Obata R, et al. Am J Hosp Palliat Care 2020.
BACKGROUND: With the highest number of cases in the world as of April 13, 2020, New York City (NYC) became the epicenter of the global coronavirus disease 2019 (COVID-19) pandemic. The data regarding palliative team involvement in patients with COVID-19, however, remains scarce. We aimed to investigate outcomes of palliative team involvement for the patients with COVID-19 in NYC.
METHODS: Consecutive 225 patients with confirmed COVID-19 requiring hospitalization in our urban academic medical center in NYC were analyzed. Patients were divided into 2 groups, those with a palliative care consult (palliative group: 14.2% [n = 32]) versus those with no palliative care consult (no palliative group: 85.8% [n = 193]).

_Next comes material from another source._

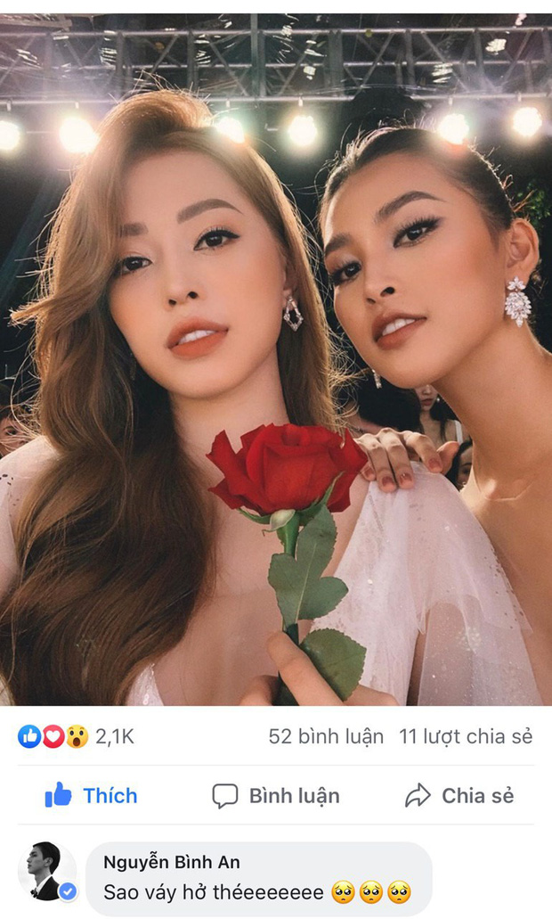 Mới đây, Á hậu Phương Nga vừa đăng tải trên trang cá nhân hình ảnh diện bộ váy khoe ngực hững hờ cùng với Tiểu Vy. Hai người đẹp đang cùng nhau có mặt trong một sự kiện thời trang. Trong khi người hâm mộ để lại nhiều lời khen ngợi về nhan sắc nổi bật của hai mỹ nhân Vbiz thì ngay lập tức, Bình An ý kiến bạn gái mặc chiếc váy khá hở. Động thái này cho thấy tình cảm của nam diễn viên với nàng Á hậu. Fan ngưỡng mộ tình cảm mà cả hai dành cho nhau, có người còn hối thúc cặp đôi mau chóng về chung một nhà bằng một đám cưới hoành tráng.

RESULTS: The palliative group was older and had more comorbidities. During the hospital course, the palliative group had more intensive care unit stays, rapid response team activations, and more use of vasopressors (P < .05). Patients with palliative care had higher rates of invasive mechanical ventilation than those without (46.9% vs 10.4%, P < .001). Cardiopulmonary resuscitation was performed in 12 patients (6.5% vs 5.2%, P = .77) and death rate was 100% in both subsets. Notably, initial code status was not different between the 2 groups, however, code status at discharge was significantly different between them (P < .001). The rate of full code decreased by 70% in the palliative group and by 47.5% in the no palliative care group from admission to the time of death.
CONCLUSIONS: Critically ill patients hospitalized for COVID-19 benefit from palliative team consults by helping to clarify advanced directives and minimize futile resuscitative efforts.